Your assignment:
Below is a block of entries; repeat all of it exactly but omit the pictures.

Stored dataset items:
┌────────
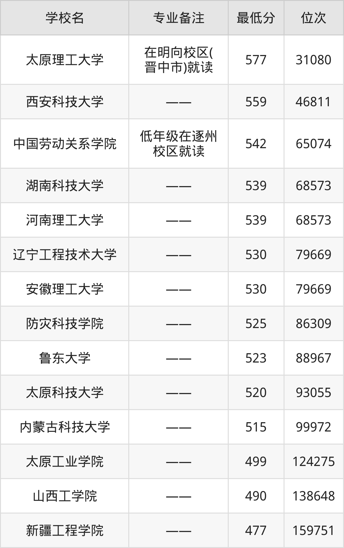 分数线低于520分能上的应急技术与管理大学还有太原科技大学(520分)、内蒙古科技大学(515分)、太原工业学院(499分)、山西工学院(490分)。
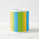 Taza De Café Gigante Jumbo Mug: franjas turquesa, amarillas y verdes
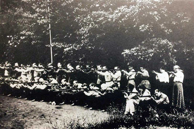 | 1913: The People's Army training, organisation founded by East End Suffragettes to defend demonstrations and Union pickets. |
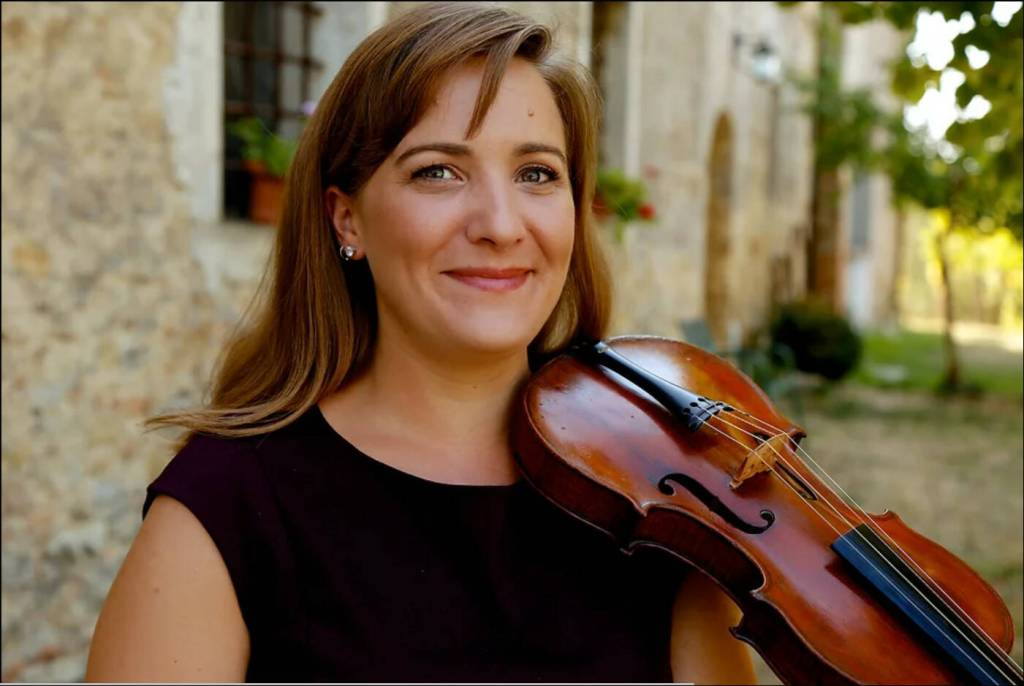 Lindsey Strand-Polyak plays a viola made in about 1720 in England with a bow like those played in the early 19th century.
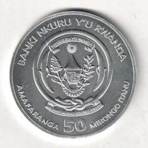 This coin has an intrinsic value of 50 Amafaranga (50 Francs).
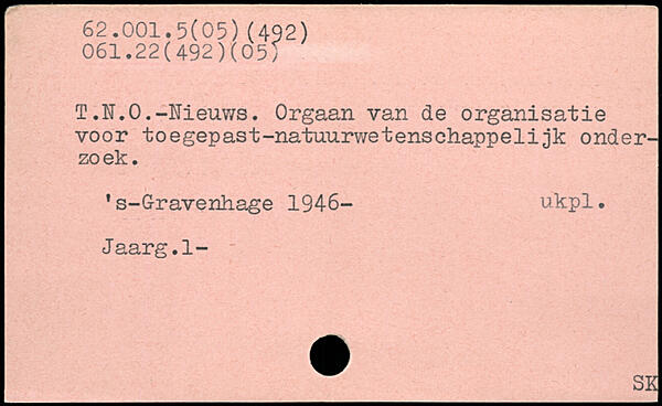 T.N.O.-Nieuws. Orgaan van de organisatie voor toegepast-natuurwetenschappelijk onder-zo ek. ' s-G-ravenhage 1946- ukpl. Jaarg.1-
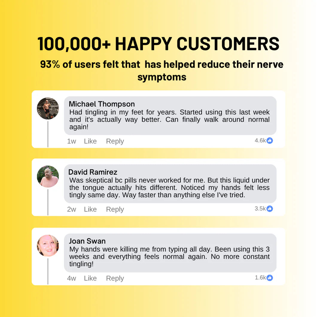 • I've had neuropathy for 6 years. Burning, tingling feet that kept me up every night. Tried everything: creams, pills, even B12 shots. Nothing lasted. After 3 weeks on these drops, the burning is 80% gone. I can sleep through the night again. Wish I'd found this years ago..
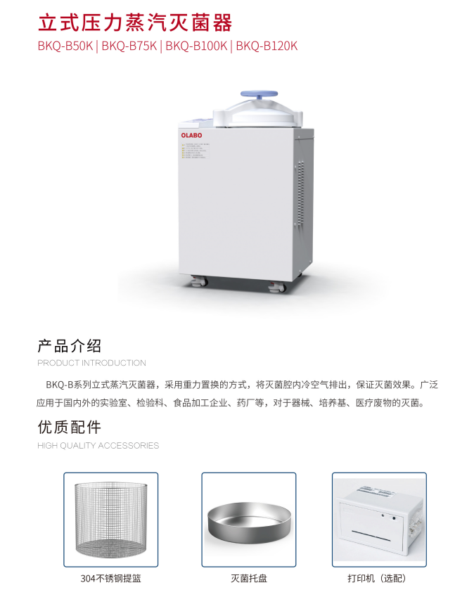 歐萊博BKQ-B系列立式蒸汽滅菌器,共有BKQ-B50K、BKQ-B75K、BKQ-B100K、BKQ-B120K四個(gè)型號(hào),適用于針對(duì)不同容積產(chǎn)品的滅菌需求。其采用重力置換的方式,將滅菌腔內(nèi)冷空氣排出,保證滅菌效果。廣泛應(yīng)用于國(guó)內(nèi)外的實(shí)驗(yàn)室、檢驗(yàn)科、食品加工企業(yè)、藥廠等,對(duì)于器械、培養(yǎng)基、醫(yī)療廢物的滅菌。
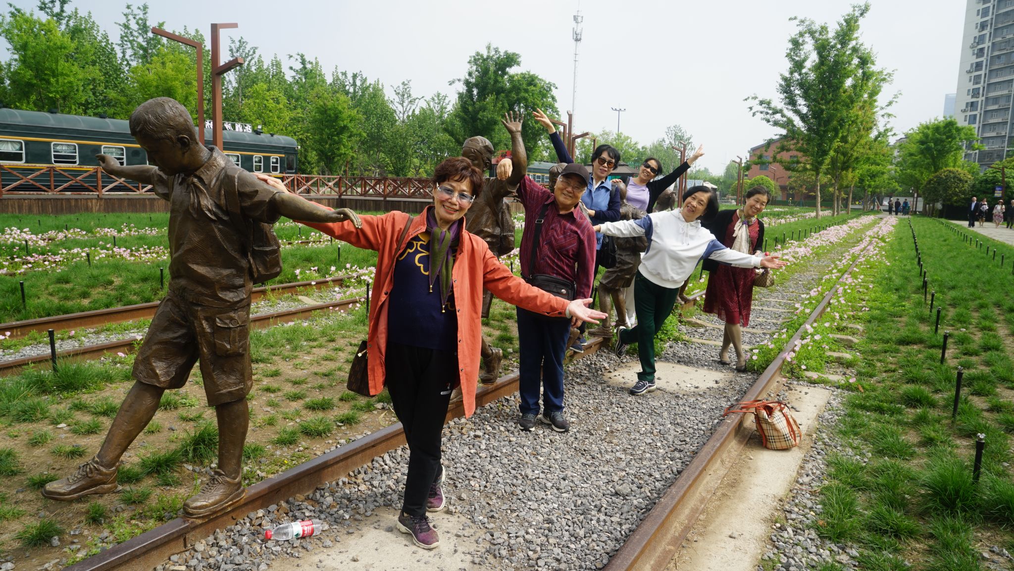 四美塘铁路遗址文化公园曾是货物集聚的武昌北站,如今改造成由铁轨、枕石、信号灯、绿皮火车车厢、蒸气和内燃机火车头等元素构成的怀旧文旅公园。老师们兴致盎然地参观了这些曾经辉煌的工业遗产,仿佛回到了上世纪七、八十年代。老师们或在月台上驻足与火车头合影,或行走在铁轨枕木上,感受着昨天与今天的对话,人与自然的和谐。
└────────
Task solution:
 分数线低于520分能上的应急技术与管理大学还有太原科技大学(520分)、内蒙古科技大学(515分)、太原工业学院(499分)、山西工学院(490分)。
 Taza De Café Gigante Jumbo Mug: franjas turquesa, amarillas y verdes
 | 1913: The People's Army training, organisation founded by East End Suffragettes to defend demonstrations and Union pickets. |
 Lindsey Strand-Polyak plays a viola made in about 1720 in England with a bow like those played in the early 19th century.
 This coin has an intrinsic value of 50 Amafaranga (50 Francs).
 T.N.O.-Nieuws. Orgaan van de organisatie voor toegepast-natuurwetenschappelijk onder-zo ek. ' s-G-ravenhage 1946- ukpl. Jaarg.1-
 • I've had neuropathy for 6 years. Burning, tingling feet that kept me up every night. Tried everything: creams, pills, even B12 shots. Nothing lasted. After 3 weeks on these drops, the burning is 80% gone. I can sleep through the night again. Wish I'd found this years ago..
 歐萊博BKQ-B系列立式蒸汽滅菌器,共有BKQ-B50K、BKQ-B75K、BKQ-B100K、BKQ-B120K四個(gè)型號(hào),適用于針對(duì)不同容積產(chǎn)品的滅菌需求。其采用重力置換的方式,將滅菌腔內(nèi)冷空氣排出,保證滅菌效果。廣泛應(yīng)用于國(guó)內(nèi)外的實(shí)驗(yàn)室、檢驗(yàn)科、食品加工企業(yè)、藥廠等,對(duì)于器械、培養(yǎng)基、醫(yī)療廢物的滅菌。
 四美塘铁路遗址文化公园曾是货物集聚的武昌北站,如今改造成由铁轨、枕石、信号灯、绿皮火车车厢、蒸气和内燃机火车头等元素构成的怀旧文旅公园。老师们兴致盎然地参观了这些曾经辉煌的工业遗产,仿佛回到了上世纪七、八十年代。老师们或在月台上驻足与火车头合影,或行走在铁轨枕木上,感受着昨天与今天的对话,人与自然的和谐。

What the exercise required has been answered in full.